На другой день все ребята в лагере знали, что Иван и Божко были «на вечере» у датчан в 13-м блоке. И они стали героями дня.
Постепенно они взрослели. В лагере люди мужали и старились быстрее, чем на воле. Наши капо уже не могли оберегать детей от всяких невзгод, как раньше. Рамзес потребовал, чтобы все работали. Иван отнёсся к этому спокойно, хоть и без особой радости. У него был трезвый ум, и он понимал, что иначе быть не может, Божко же, напротив, стал молчаливым и замкнутым. Новый капо отделения, в котором он работал, понимал его гораздо хуже, чем старый. Божко всё это очень переживал, и к тому же он заболел. Из-за отсутствия жиров, которых он был лишён в течение целого года, у него началось заболевание глаз, и несколько дней он почти ничего не видел. Как и большинство русских, Божко не желал идти в ревир. Он знал, что ожидает там всякого русского, Я просто умолял его, чтобы он сходил к врачу. Но Божко только пожимал плечами, сплёвывал сквозь зубы и говорил:
– К чёртовой матери, дядя Мартин.
Однажды мне пришлось работать в паяльной мастерской, где у Божко тоже были друзья. Проходя мимо меня, мальчик споткнулся о винтовочный ствол, который лежал на полу, и упал. Мы помогли ему подняться. Впервые я увидел, как Божко плачет. Он обнял меня за шею, прижал своё грязное, залитое слезами лицо к моему лицу и сказал, всхлипывая:
– К чёртовой матери, дядя Мартин, но я тебя люблю.
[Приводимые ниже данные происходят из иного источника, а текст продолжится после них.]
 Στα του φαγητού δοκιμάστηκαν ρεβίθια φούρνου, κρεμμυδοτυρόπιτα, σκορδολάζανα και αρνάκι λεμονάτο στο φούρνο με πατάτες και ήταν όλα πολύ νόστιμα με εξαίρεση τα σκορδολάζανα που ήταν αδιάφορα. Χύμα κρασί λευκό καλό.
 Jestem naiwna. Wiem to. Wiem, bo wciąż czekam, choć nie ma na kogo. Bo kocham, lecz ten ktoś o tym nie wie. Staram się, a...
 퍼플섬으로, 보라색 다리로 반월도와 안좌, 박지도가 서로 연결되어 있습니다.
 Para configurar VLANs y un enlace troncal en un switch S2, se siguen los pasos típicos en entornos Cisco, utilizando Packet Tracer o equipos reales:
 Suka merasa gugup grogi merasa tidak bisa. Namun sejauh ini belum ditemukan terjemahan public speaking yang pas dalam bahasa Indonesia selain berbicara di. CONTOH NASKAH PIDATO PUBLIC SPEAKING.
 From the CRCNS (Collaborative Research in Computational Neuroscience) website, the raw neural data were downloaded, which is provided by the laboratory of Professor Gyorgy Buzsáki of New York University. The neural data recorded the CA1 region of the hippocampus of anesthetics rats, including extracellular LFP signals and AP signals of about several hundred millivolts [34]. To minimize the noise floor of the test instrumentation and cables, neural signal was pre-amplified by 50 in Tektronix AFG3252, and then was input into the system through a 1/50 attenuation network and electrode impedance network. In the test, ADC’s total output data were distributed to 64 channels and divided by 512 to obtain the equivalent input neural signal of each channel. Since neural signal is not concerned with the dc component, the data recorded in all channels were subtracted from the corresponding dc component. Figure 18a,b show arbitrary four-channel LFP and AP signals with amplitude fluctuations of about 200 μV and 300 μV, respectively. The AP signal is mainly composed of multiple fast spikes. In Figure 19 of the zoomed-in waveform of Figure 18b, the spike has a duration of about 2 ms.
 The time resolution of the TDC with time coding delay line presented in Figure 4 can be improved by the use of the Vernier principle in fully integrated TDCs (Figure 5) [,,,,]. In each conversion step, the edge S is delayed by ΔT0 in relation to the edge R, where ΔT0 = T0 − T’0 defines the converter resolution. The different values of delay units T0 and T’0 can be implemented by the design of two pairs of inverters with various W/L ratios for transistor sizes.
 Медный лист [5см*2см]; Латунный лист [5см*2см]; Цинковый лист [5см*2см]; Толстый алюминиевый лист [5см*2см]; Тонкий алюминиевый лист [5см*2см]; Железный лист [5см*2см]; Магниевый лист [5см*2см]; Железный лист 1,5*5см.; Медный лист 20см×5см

Я всё настойчивей уговаривал его пойти к врачу, выдумывал всякие небылицы о докторах и ревире. Я сказал ему, что теперь врачи обращаются с русскими гораздо лучше, чем раньше, обещал ему подкупить кого-нибудь из врачей, но он так и не захотел идти в ревир. Тогда мы достали печёночного жира и немного масла, и с глазами у него стало получше. Он снова мог ориентироваться, но его обычный задор к нему так и не вернулся.
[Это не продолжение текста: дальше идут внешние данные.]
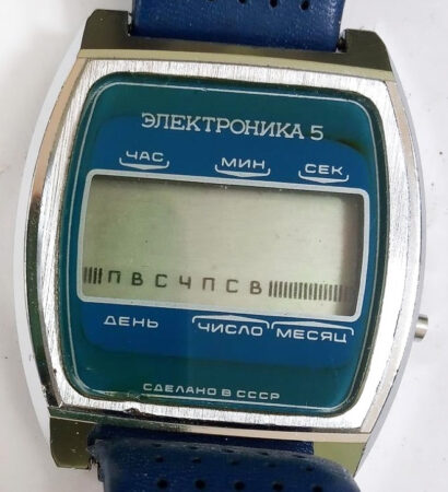 Montre à quartz et LCD (écran à cristaux liquides) du Combinat électronique « Integral », à Minsk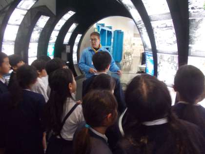 津波・高潮に関するガイダンス映像を見た後、海より低いまち大阪、繰り返し大きな高潮災害のあった歴史や高潮対策について学習しました。高潮防災施設のはたらき(鉄扉)や防災施設の役割や仕組みを学習しました。わたしたちの生命とくらしを守る水防団についても学習しました。係の人の説明を真剣に聞いていました。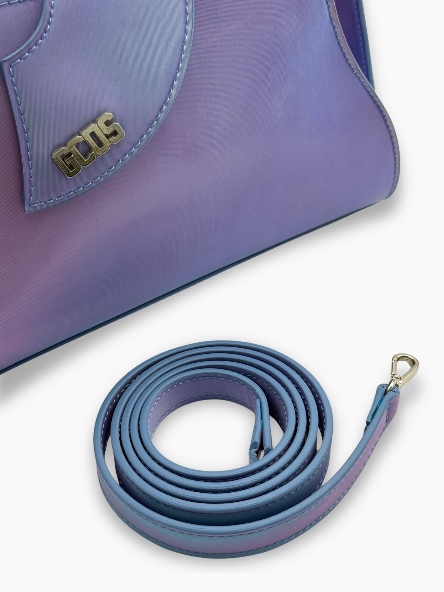 Con la sua finitura cangiante lilla-blu e la silhouette scultorea, questa borsa della linea Comma firmata GCDS è un accessorio statement perfetto per outfit audaci e raffinati. Realizzata in materiale effetto holographic con manico strutturato in tinta, è rifinita con logo metallico e dettagli dal design contemporaneo. Una borsa compatta ma scenografica, da portare a mano o a spalla per aggiungere un tocco futuristico al tuo look.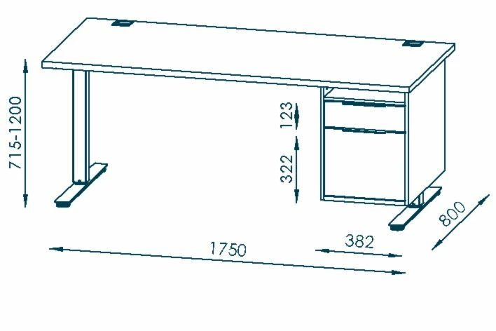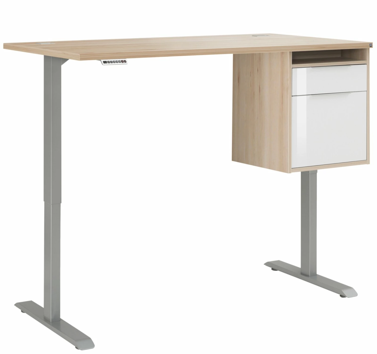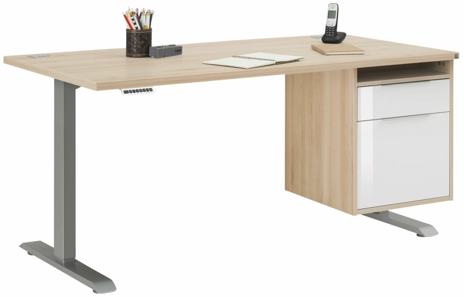 Schreibtisch EDJUST – Edelbuche – höhenverstellbar – Container rechts – 175×80 cm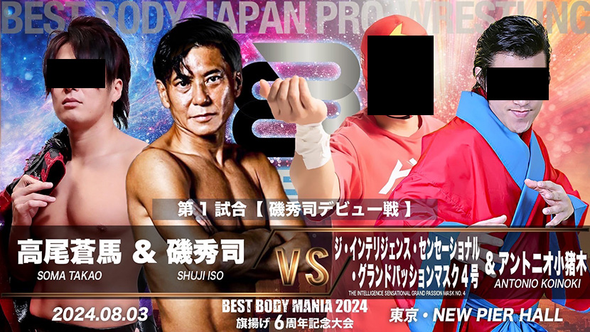 〇ジ・インテリジェンス・センセーショナル・グランドパッションマスク4号&アントニオ小猪木(9分21秒、逆片エビ固め) ●高尾蒼馬&磯秀司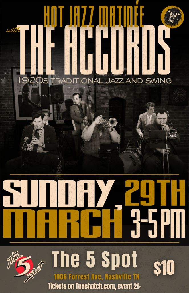 The Accords are here to bring that vibe back. Inspired by legends like King Oliver’s Creole Jazz Band, Louis Armstrong and his Hot Five, and Nick La Rocca’s Original Dixieland Jass Band, they stay true to the sound and energy of the 1920s through the 1940s. Their New Orleans grooves and tight arrangements set the perfect scene—whether you’re hitting the dance floor or soaking up a speakeasy vibe. The Accords keep Nashville’s jazz story swinging.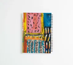 A patchwork of different patterns, including lines and U-shapes, in vibrant yellows, blues, pinks, and reds, creates a colorful mosaic effect in this abstract piece.
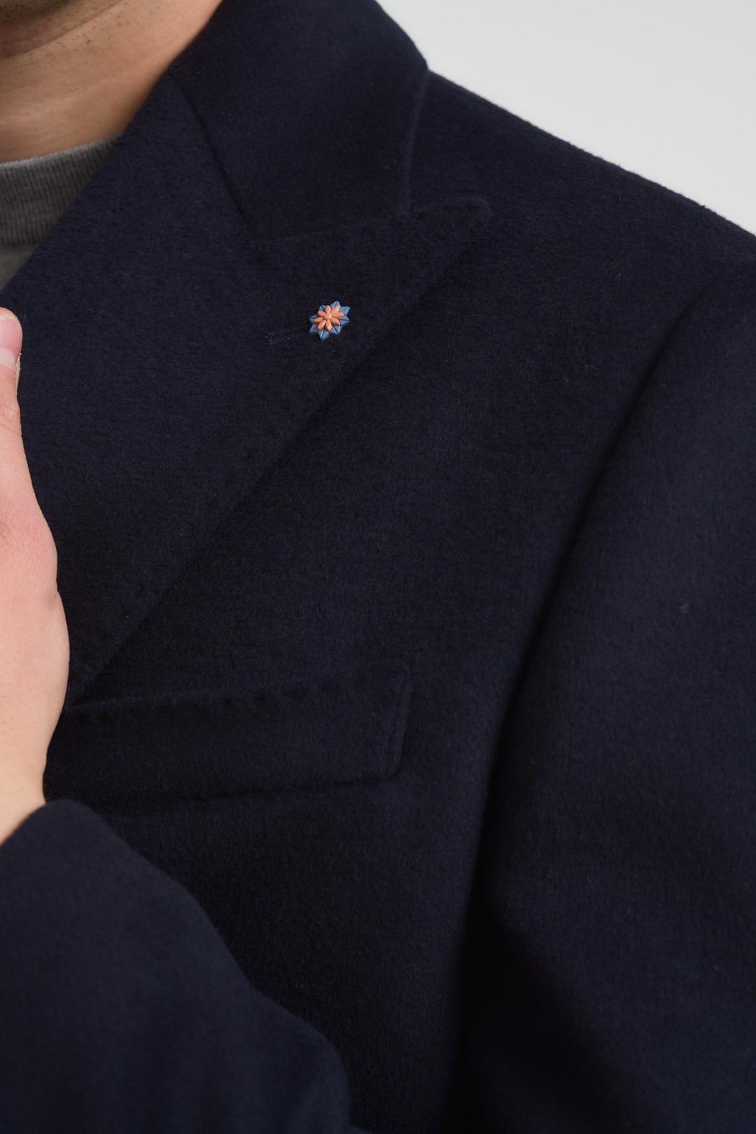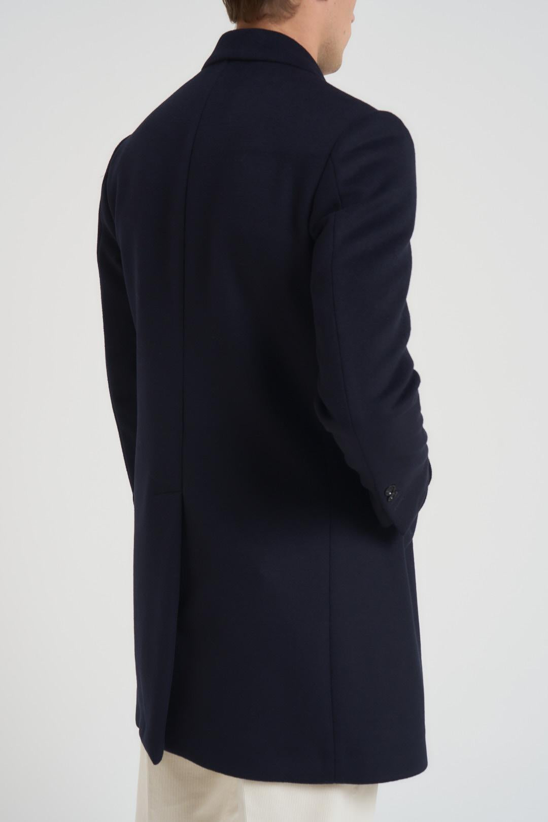 BHARNABA Cappotto uomo doppiopetto blu notte. Modello dritto. Chiusura frontale con bottoni. Manica lunga. Bottoni su fondo manica. Rever a lancia. Tasche laterali. Taschino sul petto. Tasca interna. Spacco sul retro. Composizione: 52% lana, 38% poliestere, 5% acrilica, 5% altre fibre. Il modello è alto 190 cm e indossa la taglia 50.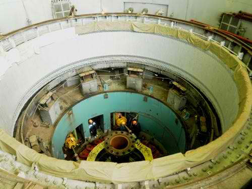 В настоящее время силами двух основных цехов идет сборка гидроагрегата. Установлено рабочее колесо, крышка турбины, лопатки направляющего аппарата с кинематикой. По завершении полной сборки персонал приступит к центровке гидроагрегата – проверке перпендикулярности диска подпятника к валу генератора.

Летом 1944 года, когда лагерь был уже переполнен, неожиданно пришёл приказ, чтобы всех детей моложе восемнадцати лет отчислить из оружейной команды. Наши «проминенты», многоопытные «подследственные» заключённые, почуяли недоброе. Им удалось вернуть в команду Антека и ещё одного русского мальчика, по имени Михаил. Однако с Иваном и Божко нам пришлось расстаться. Оба пария очень горевали; они не знали, что их ожидает, но и у них были самые мрачные предчувствия. Их поместили в специальный блок, изолировав от всего остального лагеря. Теперь они были лишены «организационных» возможностей, отрезаны от рабочих команд и своих прежних друзей. Им пришлось перейти на «нормальные» лагерные рационы, что было особенно пагубно для здоровья ребят в их возрасте.